One the other hand, the future does not look as bright under the proposal for sole proprietorships, partnerships, and S Corporations.  There is no rate relief for those pass-through entities.  Most tax expenditures are not limited to use by businesses using certain tax structures, which adds up to the pass-through entities potentially ending up with a net increase in tax liability.

The Framework does offer two provisions specifically for small businesses.  The President’s proposal would allow small businesses to expense up to $1 million in investments and allow cash accounting on businesses with up to $10 million in gross receipts.

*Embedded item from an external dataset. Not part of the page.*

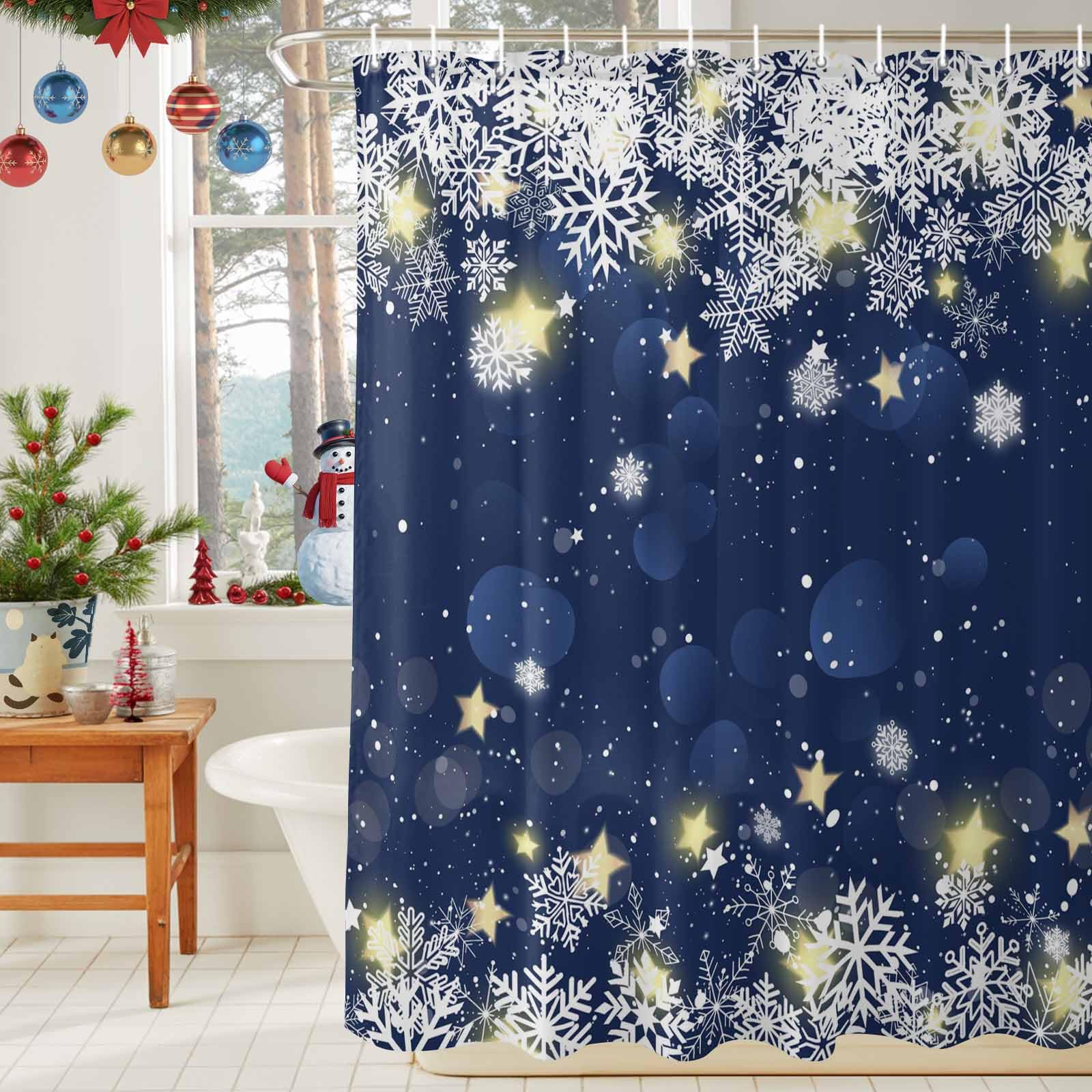 DecorLovee Navy Blue Snowflake Christmas Shower Curtain, Yellow Xmas Star Shine Waterproof Shower Curtains for Bathroom, Winter Snowflake Washable|Home & Garden

Whether the cash accounting proposal does anything for you depends on a lot of facts.  Currently there is one tax code section that allows businesses with $5 million or less in gross receipts to use cash accounting.  However, there also other sections that “override” that section that require you to use accrual accounting.  The biggest one is a section of the tax code that says if you are required to use inventory accounting in your business for tax purposes, you have to use accrual accounting.  At the same time, there are sections of the tax code and Internal Revenue Service administrative rules that allow you to cash accounting even though you have more than $5 million in gross receipts.  Confusing.  That’s why we have to have lawyers and accountants.

As we have previously reported, the President mentioned some help for manufacturers in his State of the Union.  The Framework expands on the nature of the help.  One item would be to increase the existing Domestic Production Activity Deduction (Internal Revenue Code Section 199).  Basically, Section 199 currently allows businesses to reduce their taxable income by nine percent for U.S. based activities.  Unfortunately, the President’s framework also calls for the definition of manufacturing to be tightened up and, as a result, some businesses would lose the ability to use DPAD.  We do not know what “tightened up” means, but, at least by definition, some suppliers in our industry currently qualify for relief under Section 199.